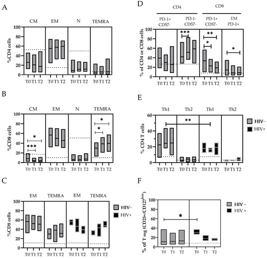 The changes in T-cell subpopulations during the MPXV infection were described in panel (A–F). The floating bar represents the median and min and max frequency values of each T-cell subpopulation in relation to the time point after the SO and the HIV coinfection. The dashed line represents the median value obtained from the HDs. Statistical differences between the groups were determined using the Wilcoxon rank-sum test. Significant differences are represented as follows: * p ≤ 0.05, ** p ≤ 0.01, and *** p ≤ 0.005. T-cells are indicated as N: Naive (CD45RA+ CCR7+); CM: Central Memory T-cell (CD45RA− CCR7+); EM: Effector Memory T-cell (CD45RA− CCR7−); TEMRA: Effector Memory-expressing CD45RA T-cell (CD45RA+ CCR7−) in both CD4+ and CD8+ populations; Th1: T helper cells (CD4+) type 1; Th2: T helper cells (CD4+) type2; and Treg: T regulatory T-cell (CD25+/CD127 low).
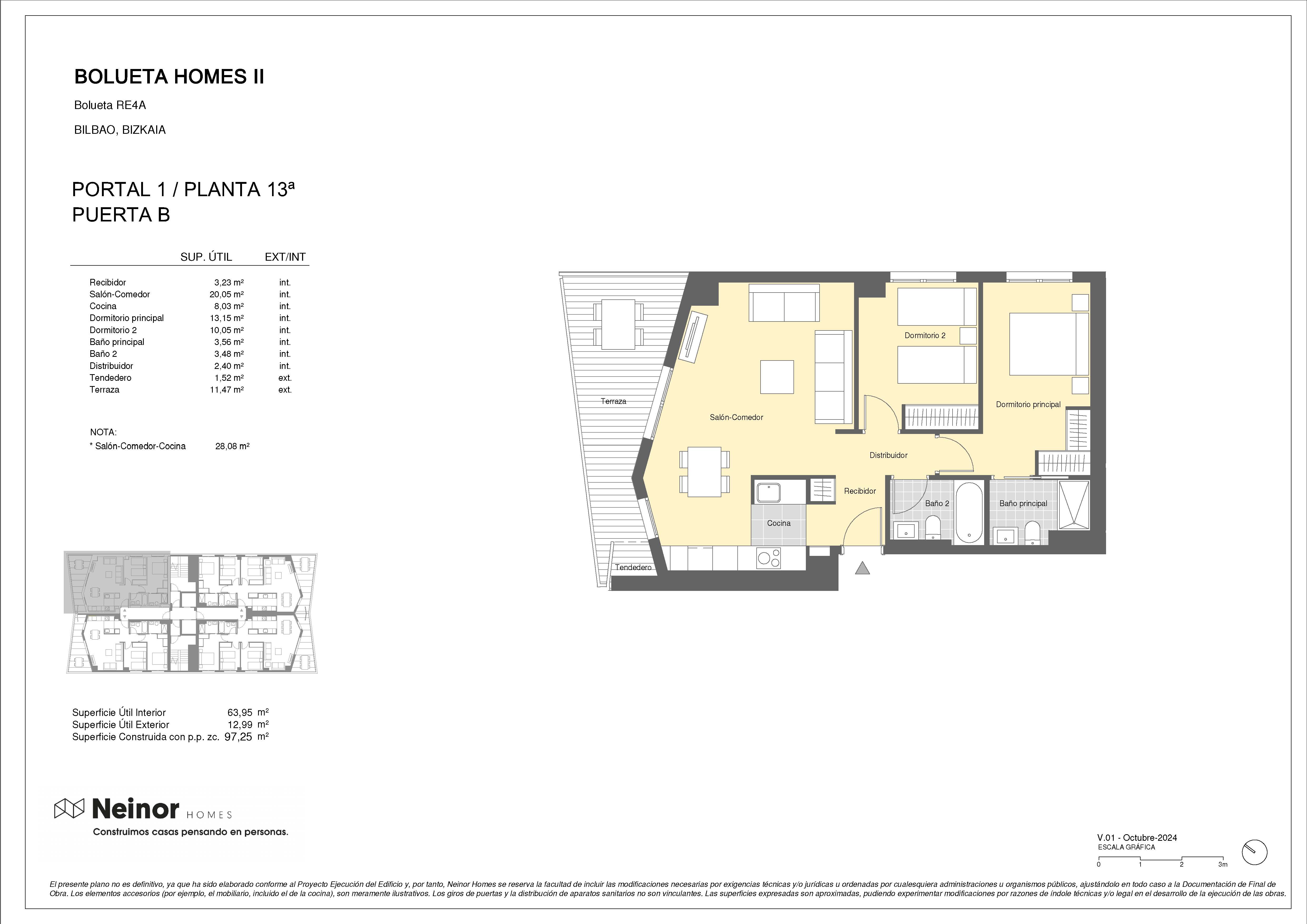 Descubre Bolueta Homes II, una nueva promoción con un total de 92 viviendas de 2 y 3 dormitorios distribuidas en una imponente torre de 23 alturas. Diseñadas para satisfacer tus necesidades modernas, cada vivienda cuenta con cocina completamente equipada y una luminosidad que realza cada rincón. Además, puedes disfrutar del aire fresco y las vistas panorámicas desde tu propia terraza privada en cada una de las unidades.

##########

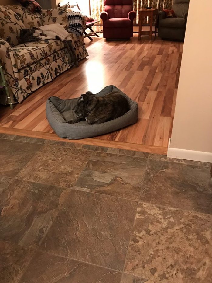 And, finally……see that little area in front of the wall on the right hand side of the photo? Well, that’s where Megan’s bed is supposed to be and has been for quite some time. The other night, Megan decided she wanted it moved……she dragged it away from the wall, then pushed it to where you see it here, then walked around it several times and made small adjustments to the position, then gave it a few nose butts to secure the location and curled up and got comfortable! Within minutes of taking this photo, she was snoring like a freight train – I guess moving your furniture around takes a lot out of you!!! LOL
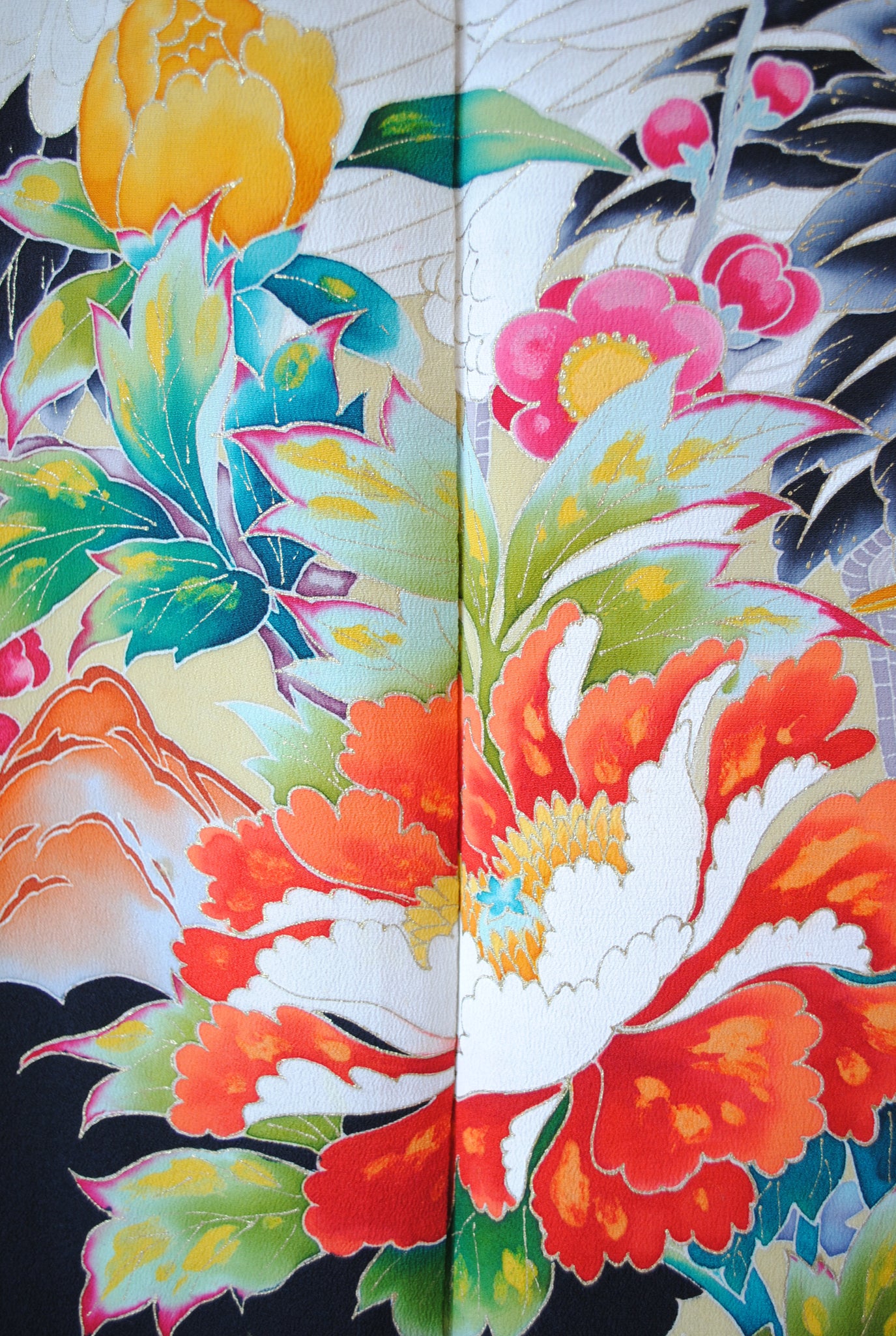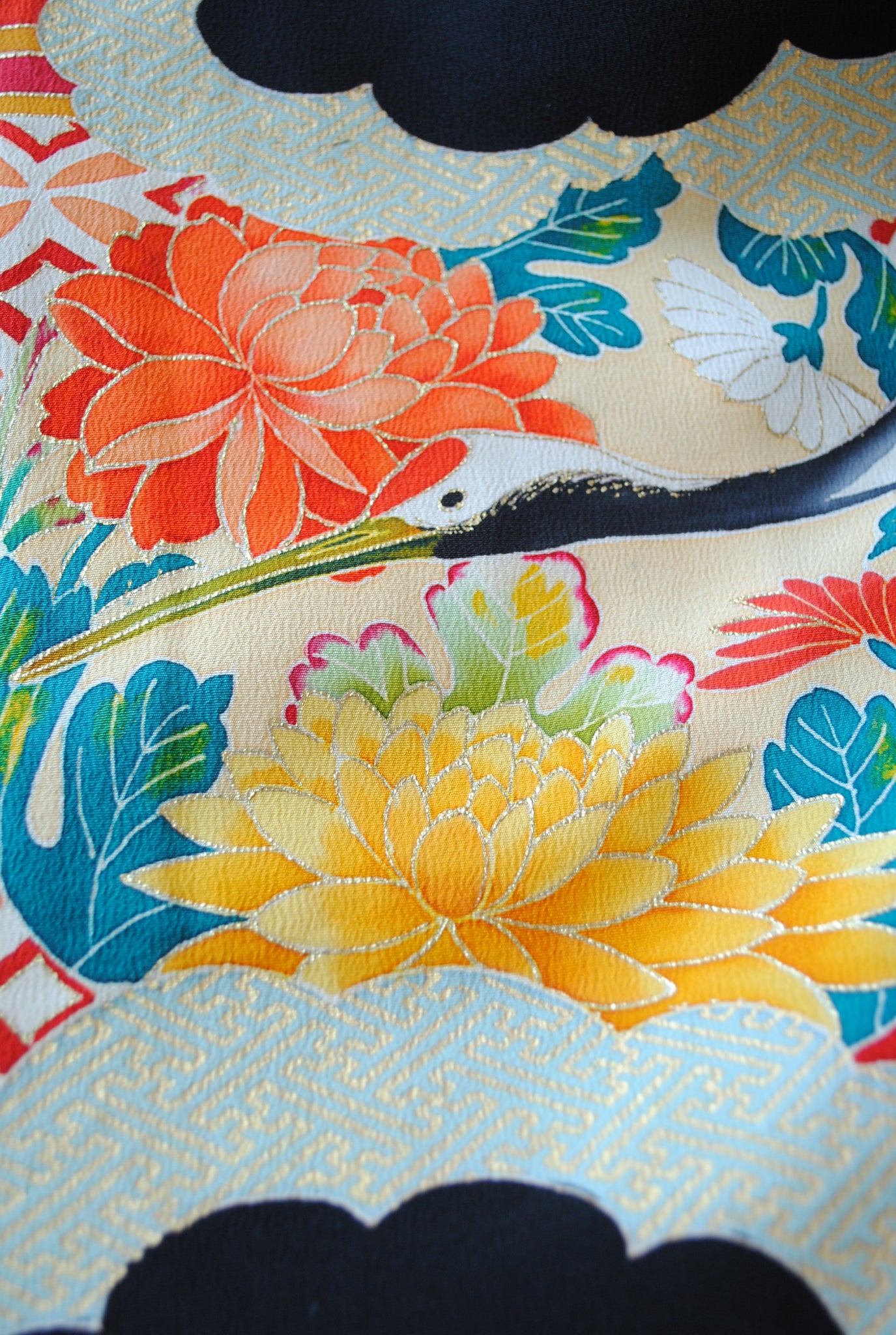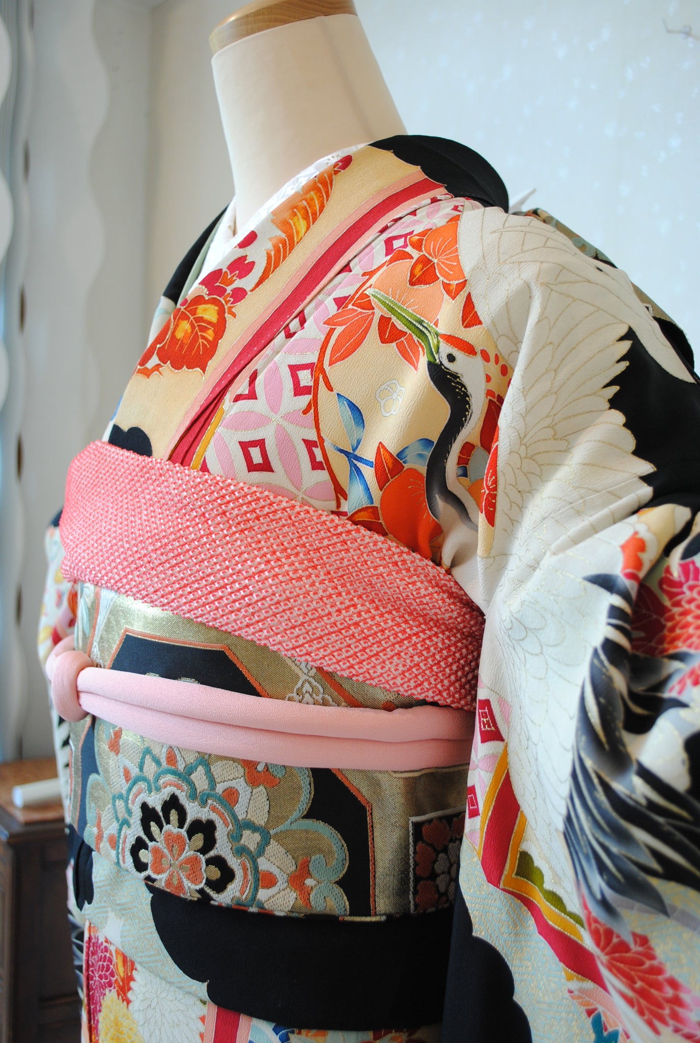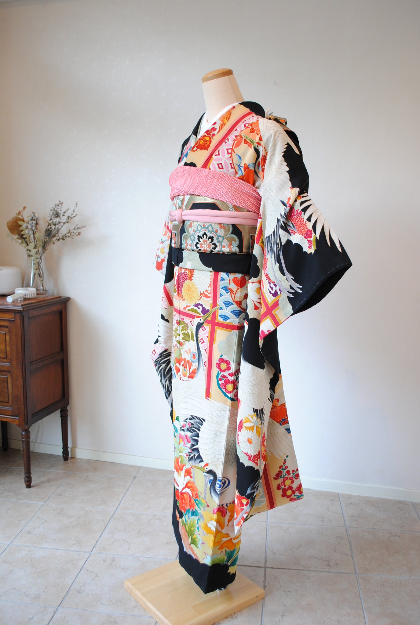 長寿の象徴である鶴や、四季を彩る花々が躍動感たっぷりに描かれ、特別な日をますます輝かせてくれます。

##########

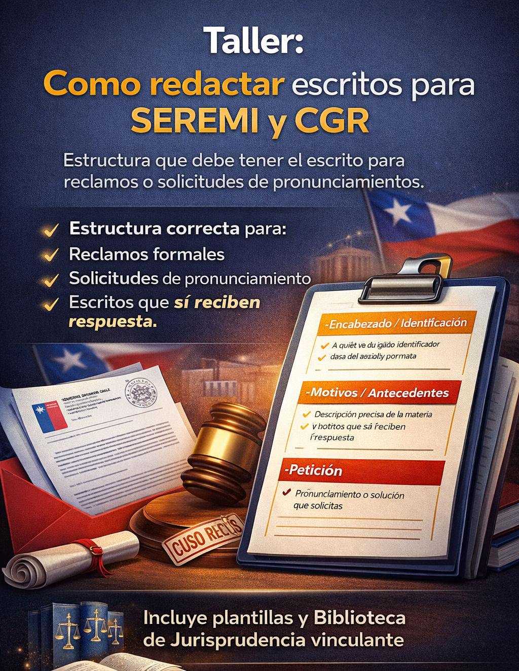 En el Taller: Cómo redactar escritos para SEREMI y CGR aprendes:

##########

Using the entries above, reproduce word for word only the lines from the one that contains "The changes in" to the one that contains "Descubre Bolueta Homes", both ends included, and drop every picture.

 The changes in T-cell subpopulations during the MPXV infection were described in panel (A–F). The floating bar represents the median and min and max frequency values of each T-cell subpopulation in relation to the time point after the SO and the HIV coinfection. The dashed line represents the median value obtained from the HDs. Statistical differences between the groups were determined using the Wilcoxon rank-sum test. Significant differences are represented as follows: * p ≤ 0.05, ** p ≤ 0.01, and *** p ≤ 0.005. T-cells are indicated as N: Naive (CD45RA+ CCR7+); CM: Central Memory T-cell (CD45RA− CCR7+); EM: Effector Memory T-cell (CD45RA− CCR7−); TEMRA: Effector Memory-expressing CD45RA T-cell (CD45RA+ CCR7−) in both CD4+ and CD8+ populations; Th1: T helper cells (CD4+) type 1; Th2: T helper cells (CD4+) type2; and Treg: T regulatory T-cell (CD25+/CD127 low).
 Descubre Bolueta Homes II, una nueva promoción con un total de 92 viviendas de 2 y 3 dormitorios distribuidas en una imponente torre de 23 alturas. Diseñadas para satisfacer tus necesidades modernas, cada vivienda cuenta con cocina completamente equipada y una luminosidad que realza cada rincón. Además, puedes disfrutar del aire fresco y las vistas panorámicas desde tu propia terraza privada en cada una de las unidades.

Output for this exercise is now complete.